# Train - Trial - Hunt !



## R E McCraith (Nov 24, 2011)

3 simple rules in a complex world if you want a hunting V - # 1 go 4 a V that comes from hunting stock # 2 break 2 bird then gun ASAP - PIKE & I belong to 2 pointer clubs - 2 sportsmans clubs that have gundog divisions with bird fields - ? when fall rolls around & not hunting wild birds we have a place 2 go every weekend 4 fun trials - fun hunts & trials - this is no secret ! if you want your pup 2 hunt - PUT HIM ON BIRDS !!!!!


----------



## texasred (Jan 29, 2012)

Your right REM
It takes birds to make a birddog.
I've been running mine on wild birds once a week this past month. Its not season, so I can't shoot them, but it gives the dogs a workout.


----------



## mrmra (Jul 18, 2013)

Took my puppy out for ducks with some folks we know. He kept trying to steal the other dogs' ducks and give them to me!!

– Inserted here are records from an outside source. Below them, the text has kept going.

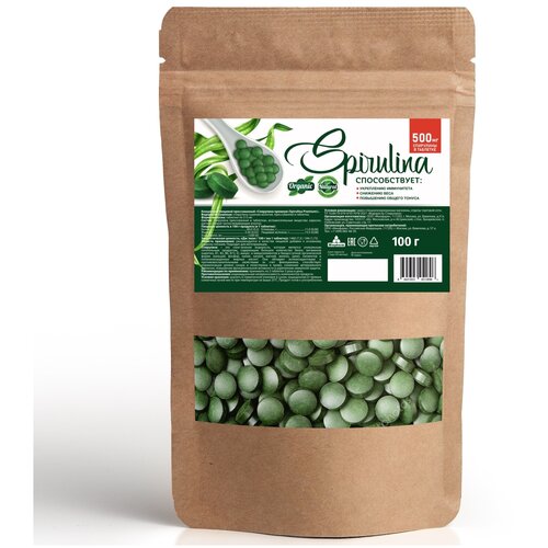 Спирулина (100г.) 200 таб. по 500 мг. прессованная в таблетках 100 гр, Дой -пак, натуральная водоросль спирулина суперфуд
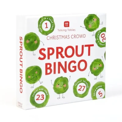 Talking Tables Christmas Sprout Bingo Game Fun Xmas Version of Traditional Festive Family Board Game Tabletop Games For Kids Adults Present Idea Seasonal Stocking Filler Ages 5+ ABOUT THE PRODUCT: Bring laughter to the table with the Sprout Bingo Game – a cheeky festive twist on a classic. Easy to learn and fun for all ages, it's perfect for after-dinner games, stocking fillers, or light-hearted family fun. AGES: 5+ CONTENTS: 100 Bingo Sheets, 48 Calling Cards, 4 Wooden Pencils BRITISH BRAND: Talking Tables Head Office is based in London; we are a small friendly team working hard to make your gatherings extra special., Manufacturer: Talking Tables
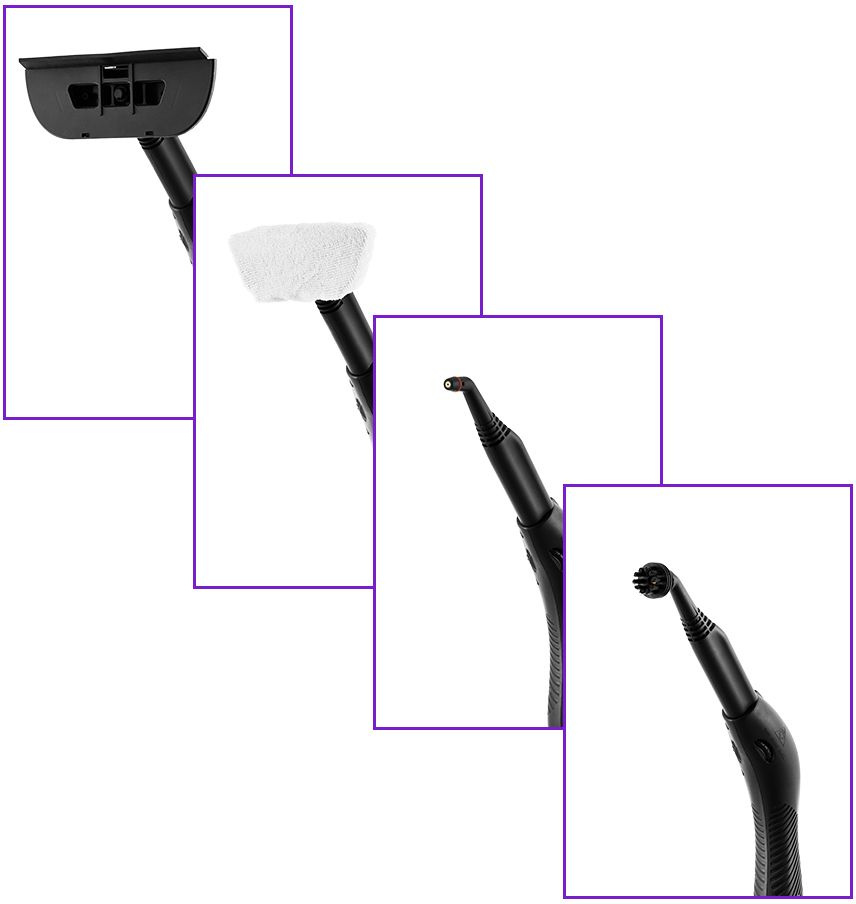 Скребок для стекла используется для чистки окон, зеркал, кафеля. Струйная насадка подходит для чистки плинтусов, щелей и других углов. Щётки - для удаления стойких загрязнений. С тряпкой можно отпаривать одежду, шторы, мягкую мебель. И это далеко не всё!

We didn't stay too long but it was a good experience for him. I think he learned something from watching the other dogs.

-mra-


----------



## texasred (Jan 29, 2012)

I wouldn't let him try and take another dogs duck/bird.
Some dogs will correct him heavily for such an action. That would be a bad experience for a dog just learning the ropes.


----------